Set every line of the data down again exactly, and keep the pictures out.

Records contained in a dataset
Segment Open

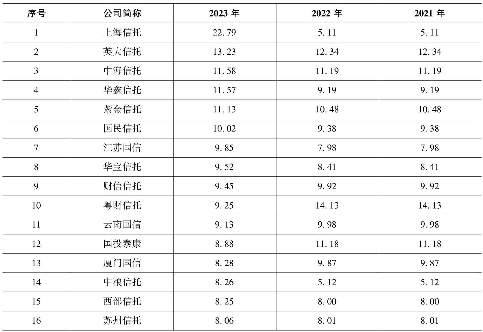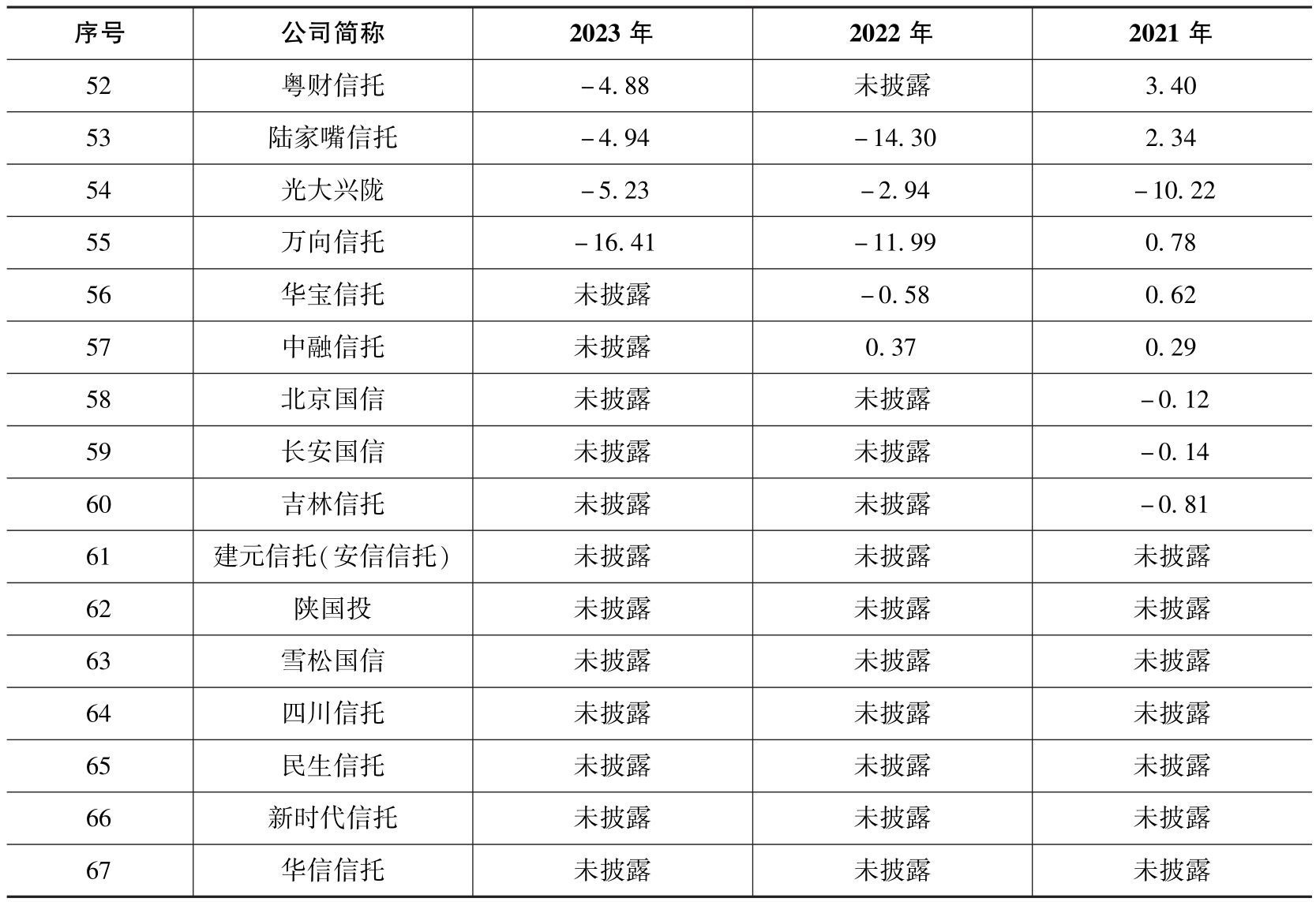 从本书截至2024年6月25日(以下统计时间口径相同)获得的2023年的年报披露情况来看,除北京国信、中融信托、长安国信、雪松国信、四川信托、新时代信托、华信信托和民生信托以外,其余59家公司均披露了资本利润率这一指标。
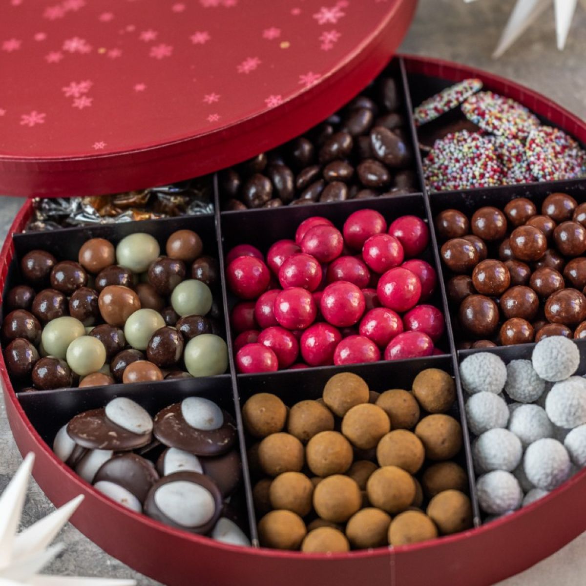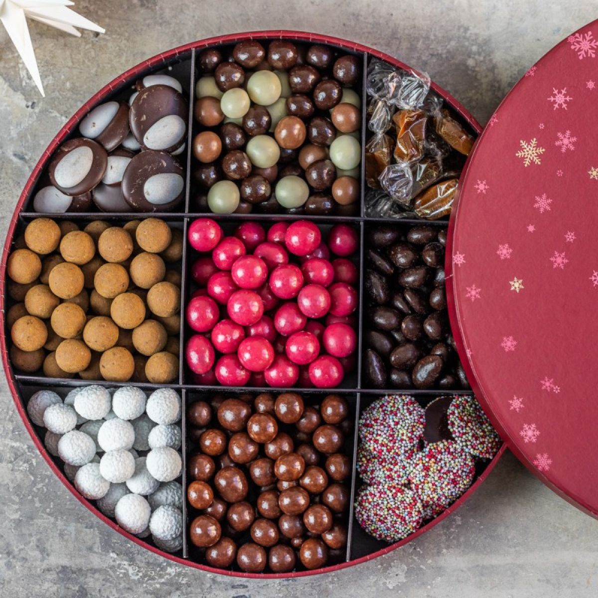 Sprøde kiksekugler med chokolade, snebolde, karameller, chokoladelakrids, hindbærlakrids,
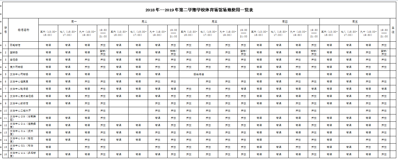 4、表内各场馆如遇活动,开放时间以体育部通知为准 5、此表每学期更新
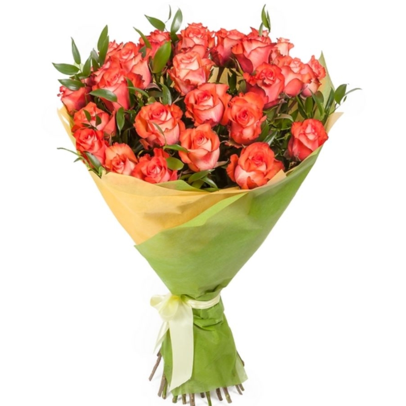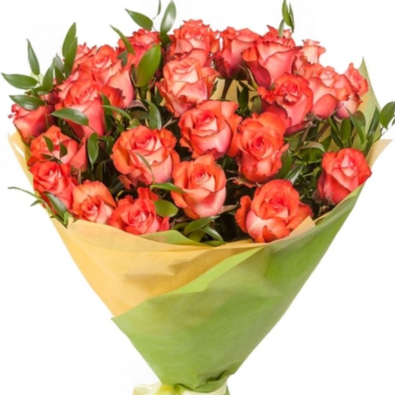 Букет состоит из 29 коралловых роз, зелень, красивая упаковка, атласная лента.
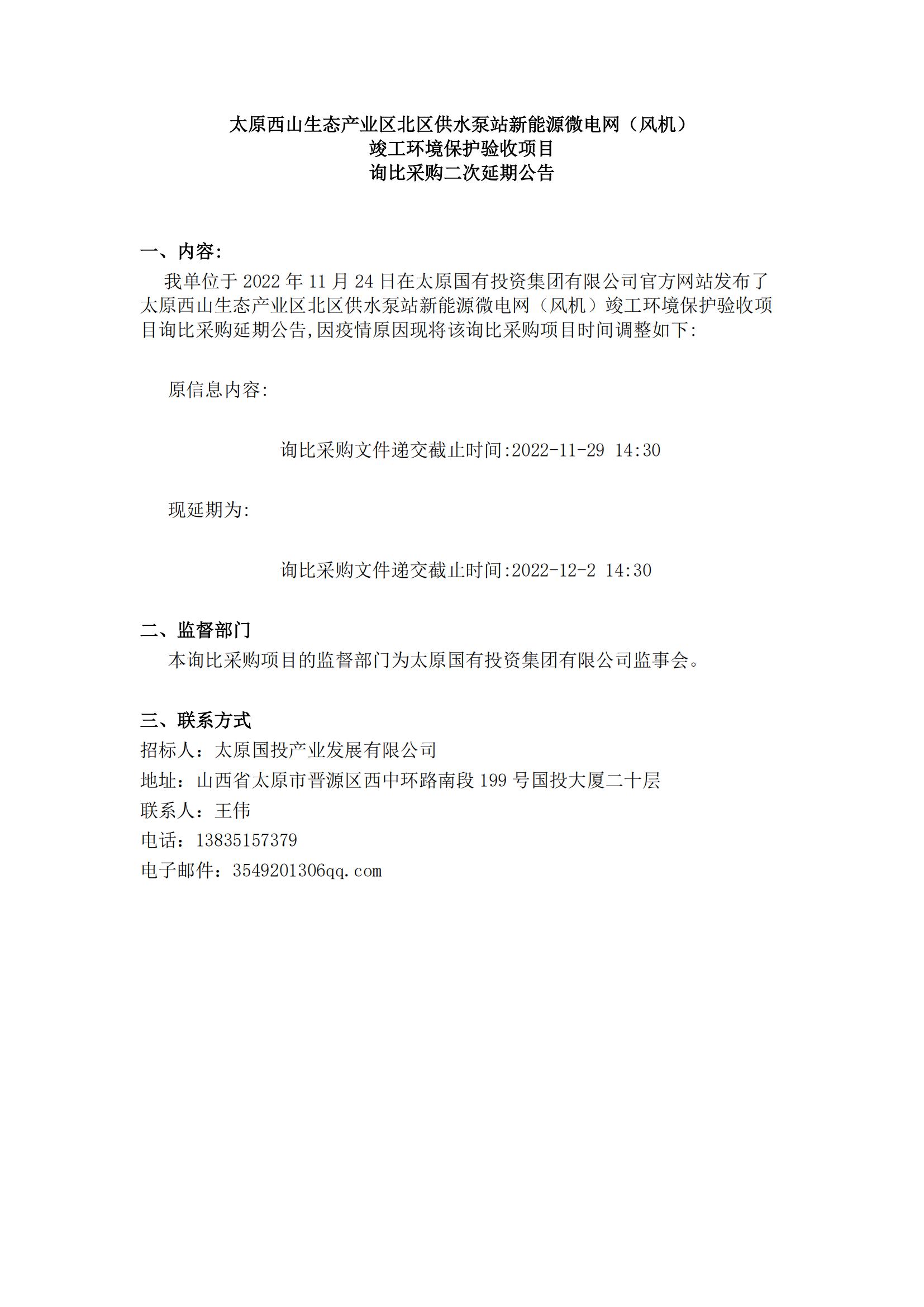 太原西山生態產業區北區供水泵站新能源微電網風機竣工環境保護驗收項目詢比采購二次延期公告
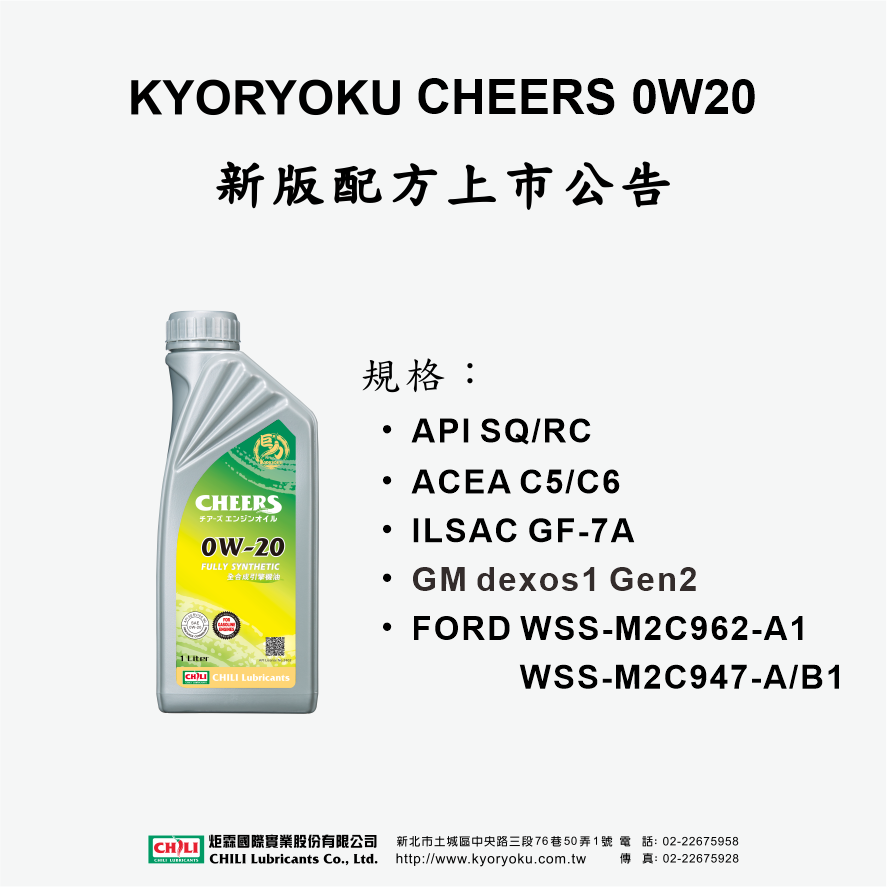 ► 說明: 為因應市場需求,『CHEERS 0W20』推出配方升級的新版本,除了通過美國石油學會最新 API SQ/RC 與 ACEA C5/C6 ,並且符合 ILSAC GF-7A 節能認證,有效提高燃油效率。 ► 注意事項: • 本產品汽油車與柴油車通用。 • 可減少柴油車的廢氣排放及對環境之傷害,延長碳微粒過濾器(DPF)的壽命。 • 適合最新配有汽油微粒子濾清器(GPF),且符合多款日系(HONDA)及歐系(VOLVO)配有GPF之引擎車輛。
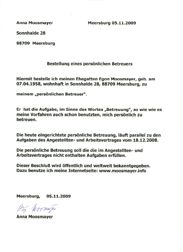 Heute am 05.11.2009 habe ich beschlossen einen Betreuer an meine Seite zu stellen.

Segment Closed

*OUTPUT FOR THIS TASK*.
 从本书截至2024年6月25日(以下统计时间口径相同)获得的2023年的年报披露情况来看,除北京国信、中融信托、长安国信、雪松国信、四川信托、新时代信托、华信信托和民生信托以外,其余59家公司均披露了资本利润率这一指标。
 Sprøde kiksekugler med chokolade, snebolde, karameller, chokoladelakrids, hindbærlakrids,
 4、表内各场馆如遇活动,开放时间以体育部通知为准 5、此表每学期更新
 Букет состоит из 29 коралловых роз, зелень, красивая упаковка, атласная лента.
 太原西山生態產業區北區供水泵站新能源微電網風機竣工環境保護驗收項目詢比采購二次延期公告
 ► 說明: 為因應市場需求,『CHEERS 0W20』推出配方升級的新版本,除了通過美國石油學會最新 API SQ/RC 與 ACEA C5/C6 ,並且符合 ILSAC GF-7A 節能認證,有效提高燃油效率。 ► 注意事項: • 本產品汽油車與柴油車通用。 • 可減少柴油車的廢氣排放及對環境之傷害,延長碳微粒過濾器(DPF)的壽命。 • 適合最新配有汽油微粒子濾清器(GPF),且符合多款日系(HONDA)及歐系(VOLVO)配有GPF之引擎車輛。
 Heute am 05.11.2009 habe ich beschlossen einen Betreuer an meine Seite zu stellen.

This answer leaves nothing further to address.